[pve-devel] [PATCH storage 0/2] fix #4997: lvm: avoid autoactivating (new) LVs after boot

Mon Feb 10 11:47:15 CET 2025

On February 7, 2025 1:44 pm, Friedrich Weber wrote:
> On 11/01/2024 16:03, Friedrich Weber wrote:
>> By default, LVM autoactivates LVs after boot. In a cluster with VM disks on a
>> shared LVM VG (e.g. on top of iSCSI), this can indirectly cause guest creation
>> or VM live-migration to fail. See bug #4997 [1] and patch #2 for details.
>> 
>> The goal of this series is to avoid autoactivating LVs after boot. Fabian
>> suggested to use the "activation skip" flag for LVs. LVs with that flag can
>> only be activated if the `-K` flag is passed during activation (`-K` is not
>> passed for autoactivation after boot).
> 
> I revisited this issue now, and with some distance, I wondered why
> to go with the quite heavy-handed approach of
> 
> - (1) activating LVs with -K/--ignoreactivationskip
> - (2) starting with PVE 9, creating LVs with -k/`--setactivationskip y`
> 
> If it would be possible to instead just create new LVs with
> `--setautoactivation n`, we wouldn't need to touch the activation code
> at all, and wouldn't need to worry about the mixed-version cluster
> scenario.
> 
> For VGs on iSCSI volumes, setting `--setautoactivation n` on LVs seems
> to work fine -- this way, after iSCSI login, these volumes are not
> automatically activated.
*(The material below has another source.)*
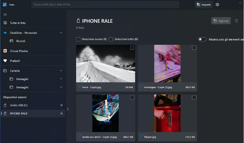 Collegando l’iPhone al PC, verrà riconosciuto dall’applicazione ‘Foto’ come un’unità multimediale esterna collegata. Sarà sufficiente eseguire la procedura di importazione per completare il processo di trasferimento delle foto da iPhone al PC.

The reason is that autoactivation is done by
> udev via /lib/udev/rules.d/69-lvm.rules:
> 
> 	IMPORT{program}="/sbin/lvm pvscan --cache --listvg --checkcomplete --vgonline --autoactivation event --udevoutput --journal=output $env{DEVNAME}"
> 	TEST!="/run/systemd/system", GOTO="lvm_direct_vgchange"
> 
> 	ENV{LVM_VG_NAME_COMPLETE}=="?*", RUN+="/usr/bin/systemd-run --no-block --property DefaultDependencies=no --unit lvm-activate-$env{LVM_VG_NAME_COMPLETE} /sbin/lvm vgchange -aay --autoactivation event $env{LVM_VG_NAME_COMPLETE}"
> 	GOTO="lvm_end"
> 
> 	LABEL="lvm_direct_vgchange"
> 	ENV{LVM_VG_NAME_COMPLETE}=="?*", RUN+="/sbin/lvm vgchange -aay --autoactivation event $env{LVM_VG_NAME_COMPLETE}"
> 	GOTO="lvm_end"
> 
> In both branches vgchange is called with `-aay` where `ay` specifies
> autoactivation, which according to `man vgchange` doesn't activate LVs
> with `--setautoactivation n`.
> 
> However, for VGs on FC/SAS+multipath disks (these are visible at boot
> time), even an LV with `--setautoactivation n` is active after boot.
> I was curious why, and I *think* (see [2] for info how to debug this)
> it's because they are already activated in initramfs (because they are
> visible at boot time):
> 
> - 69-lvm.conf does in fact call vgchange with `-aay`, and does not
> activate LVs with `--setautoactivation n`, as expected
> 
> - but zfs-initramfs also installs a script
> /usr/share/initramfs-tools/scripts/local-top/zfs [1] to initramfs which
> calls:
> 
>         /sbin/lvm vgscan
>         /sbin/lvm vgchange -a y --sysinit
> 
> Note that it calls `vgchange -ay` (instead of `vgchange -aay`) so LVM
> doesn't consider this autoactivation and activates all LVs regardless of
> their `--setautoactivation` flag. If I edit the script to use `-aay`
> instead, the LV with `--setautoactivation n` flag is inactive after boot
> as expected.

thanks for the detailed analysis/follow-up!

> 
> So I'm wondering:
> 
> (a) could the ZFS initramfs script use `-aay` instead of `-ay`, so the
> `--setautoactivation` flag has an effect again for LVs that are visible
> at boot?

probably ;)

> 
> (b) assuming (a) can be fixed, is there any additional reason to prefer
> to --ignoreactivationskip/--setactivationskip approach over the
> `--setautoactivation n` approach?

the only other reason I could think of is that there's a metric ton of
tutorials/howtos for various things that contain "vgchange -ay" which
would still entail potential breakage.. but then again, one could argue
that people blindly following such instructions are to blame, and the
reduced complexity on our end would be worth it..

> 
> [1]
> https://github.com/openzfs/zfs/blob/c2458ba921a8d59cd6b705f81b37f50531f8670b/contrib/initramfs/scripts/local-top/zfs
> 
> [2] FWIW, one way to debug this:
> 
> - attaching a serial console to the VM
> - removing `quiet` and adding `console=ttyS0` to the kernel command line
> - setting `log_level=debug` in
> /usr/share/initramfs-tools/scripts/init-top/udev
> - adding some debug printouts (echo XYZ > /dev/ttyS0) to
> /usr/share/initramfs-tools/scripts/local-top/zfs
> - don't forget `update-initramfs -u`
> - attach to serial console on host: `qm console VMID`
> 
>